Stanford University School of Medicine researchers shed light on how oncogenes participate in the genesis and progression of cancer, helping tumor cells evade immune responses. The team studied the Myc oncogene and found that this protein directly controls two molecules within tumor cell surfaces that are essential for tumor progression and the evasion of immune defenses.
The research paper, titled “MYC regulates the antitumor immune response through CD47 and PD-L1,” was published in Science.
Oncogenes normally perform vital functions in cells, but when mutated or expressed in abnormal levels their activity promotes the development and progression of cancers. Myc oncogene is mutated in many human cancers, causing the encoded transcription factor Myc to be overexpressed. Previous research has shown that blocking the expression of the Myc gene leads to the regression of certain tumors in animals, a phenomenon known as oncogene addiction as the tumor is dependent on its expression. Because this regression was shown to only occur in animals with intact immune systems, researchers theorized that a relationship exists between Myc and the immune system.
Researchers investigated the possible link between Myc and the innate immune regulator Cluster of Differentiation 47 (CD47) and the adaptive immune checkpoint programmed death-ligand 1 (PD-L1). CD47 is a protein overexpressed in almost all human cancers, sending signals that protect cancer cells from being “eaten” by macrophages. PD-L1 is known to suppress the immune system during cancer and autoimmune diseases, and is also overexpressed in many cancers. Myc was found to regulate the expression of both molecules.

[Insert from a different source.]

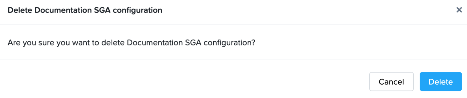 3. You will be asked to confirm that you wish to delete the SGA cluster. Click **Cancel** or **Delete**.

Suppression of Myc in mouse and human tumors, such as acute lymphoblastic leukemia (ALL) and liver cancer, was accompanied by a reduction of CD47 and PD-L1 mRNA and protein levels, while other immune regulatory molecules remained unaffected. The researchers also analysed available genetic data from patients, and found that the levels of Myc expression were strongly correlated with expression levels of CD47 and PD-L1 genes in liver, kidney, and colorectal tumors. Moreover, Myc was found to bind directly to the promoter regions of the CD47 and PD-L1 genes, an interaction that raised the levels of CD-47 expression in a human blood cell line. The inactivation of Myc in mouse models of cancer led to the lower expression of CD47 and PD-L1, enhancing the anti-tumor immune response. But when scientists engineered mouse leukemia cells to constantly express CD-47 and PD-L1 genes, regardless of Myc status, the cells were able to effectively evade immune system cells (macrophages and T-cells). Importantly, tumors derived from these cells continued to grow and did not regress when Myc was shut down.
Researchers believe that a synergetic therapy, combining the targeting of Myc, Pd-L1 and CD47, could have an enhanced effect on anti-tumor activity, slowing or stopping its growth while alerting the immune system.
“There is a growing sense of tremendous excitement in the field of cancer immunotherapy,” Professor Dean Felsher, MD, the study’s senior author, said in a press release. “In many cases, it’s working. But it’s not been clear why some cancers are more sensitive than others. Our work highlights a direct link between oncogene expression and immune regulation that could be exploited to help patients.”